* How to complete this task
Look in the material below for the line holding "Pro300 Wifi6 Viettel". Set it down exactly, with each later line up to and including the line holding "HERCULES Monitor 5".

* Material for this task
::::::
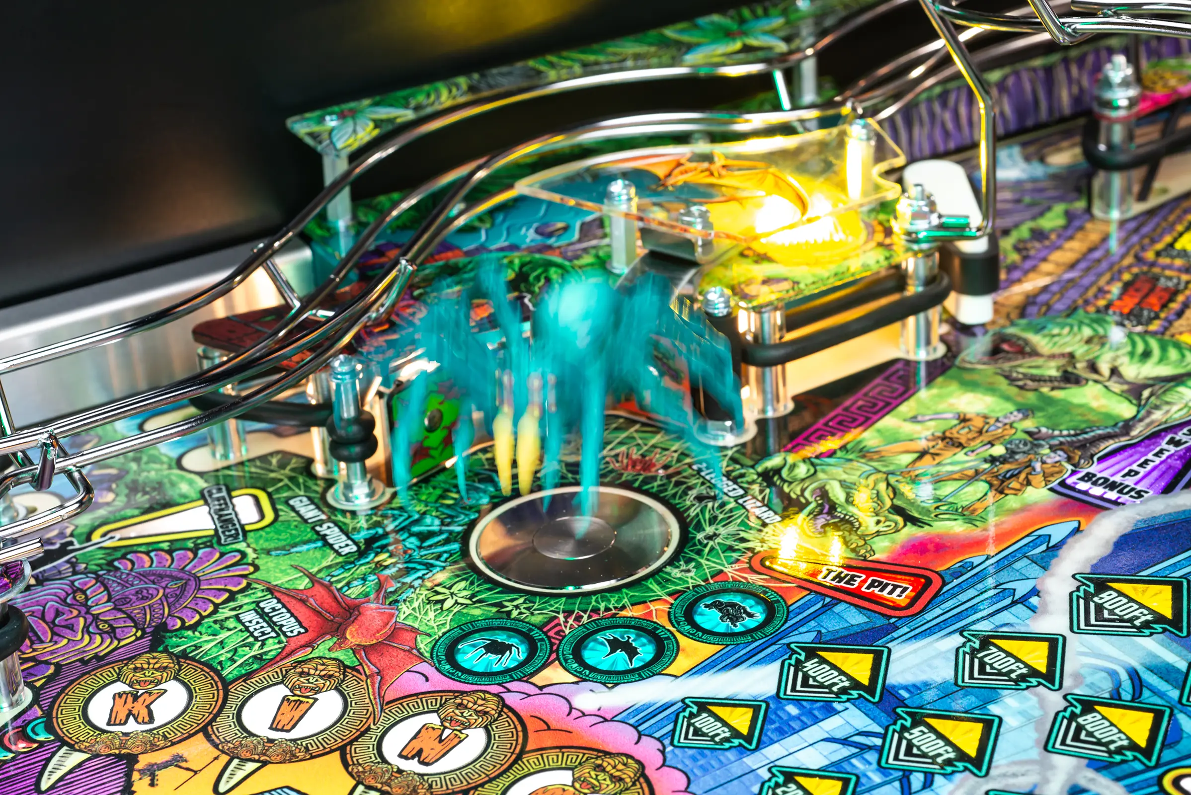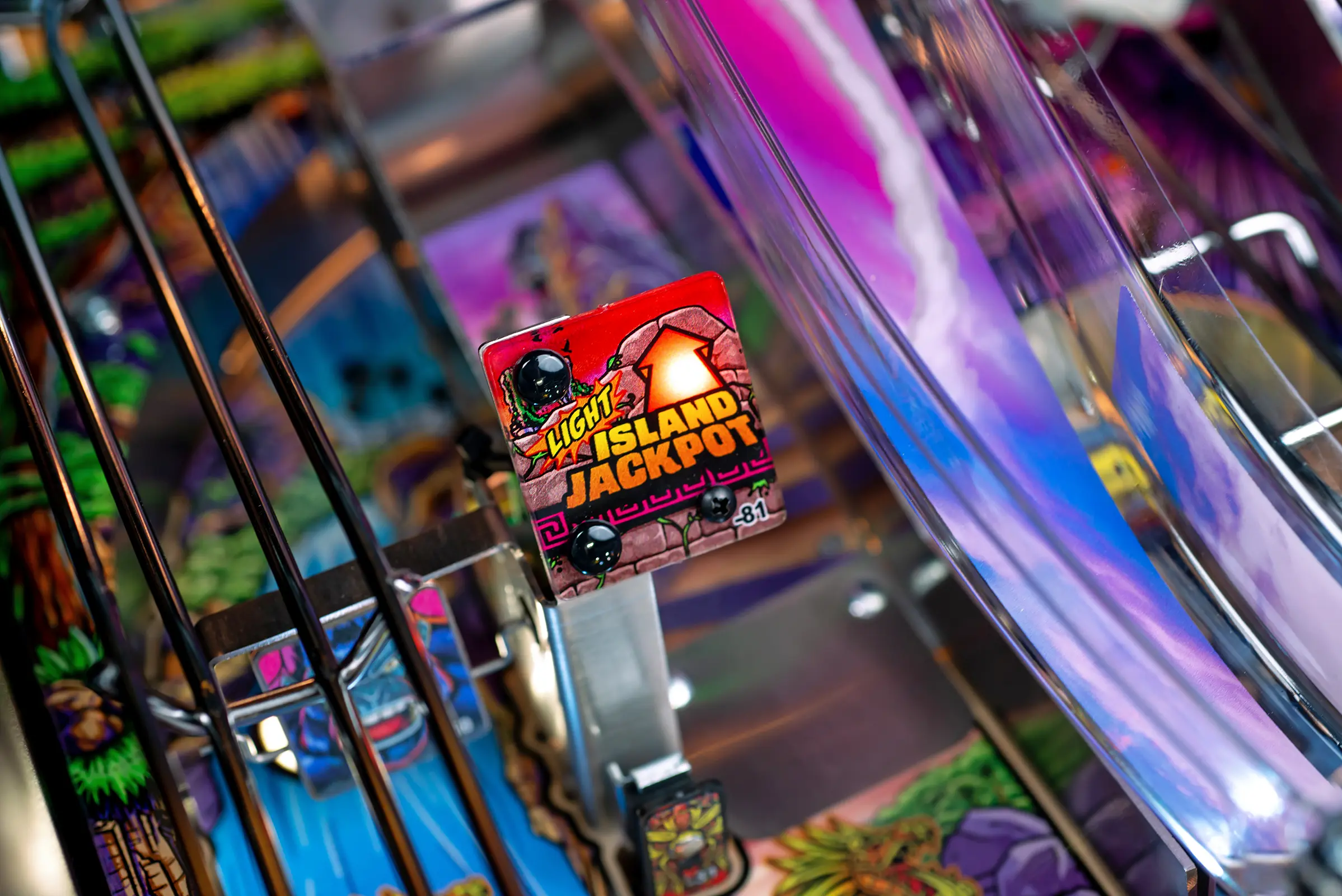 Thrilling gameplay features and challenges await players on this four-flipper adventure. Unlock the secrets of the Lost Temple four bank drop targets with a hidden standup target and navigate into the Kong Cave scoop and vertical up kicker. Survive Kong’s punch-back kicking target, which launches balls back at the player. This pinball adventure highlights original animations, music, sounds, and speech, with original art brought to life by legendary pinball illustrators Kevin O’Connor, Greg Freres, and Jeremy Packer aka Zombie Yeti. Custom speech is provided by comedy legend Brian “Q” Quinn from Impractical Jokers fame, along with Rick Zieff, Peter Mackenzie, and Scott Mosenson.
::::::
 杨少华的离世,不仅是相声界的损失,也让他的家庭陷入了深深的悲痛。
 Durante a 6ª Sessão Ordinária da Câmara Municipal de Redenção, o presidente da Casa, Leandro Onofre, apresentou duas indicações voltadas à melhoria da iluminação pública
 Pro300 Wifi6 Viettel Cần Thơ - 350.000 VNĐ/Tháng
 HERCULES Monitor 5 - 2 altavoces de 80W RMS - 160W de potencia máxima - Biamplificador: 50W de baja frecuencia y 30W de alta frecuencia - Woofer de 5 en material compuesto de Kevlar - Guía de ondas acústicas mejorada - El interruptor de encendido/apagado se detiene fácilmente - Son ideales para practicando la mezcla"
::::::
* Final answer
 Pro300 Wifi6 Viettel Cần Thơ - 350.000 VNĐ/Tháng
 HERCULES Monitor 5 - 2 altavoces de 80W RMS - 160W de potencia máxima - Biamplificador: 50W de baja frecuencia y 30W de alta frecuencia - Woofer de 5 en material compuesto de Kevlar - Guía de ondas acústicas mejorada - El interruptor de encendido/apagado se detiene fácilmente - Son ideales para practicando la mezcla"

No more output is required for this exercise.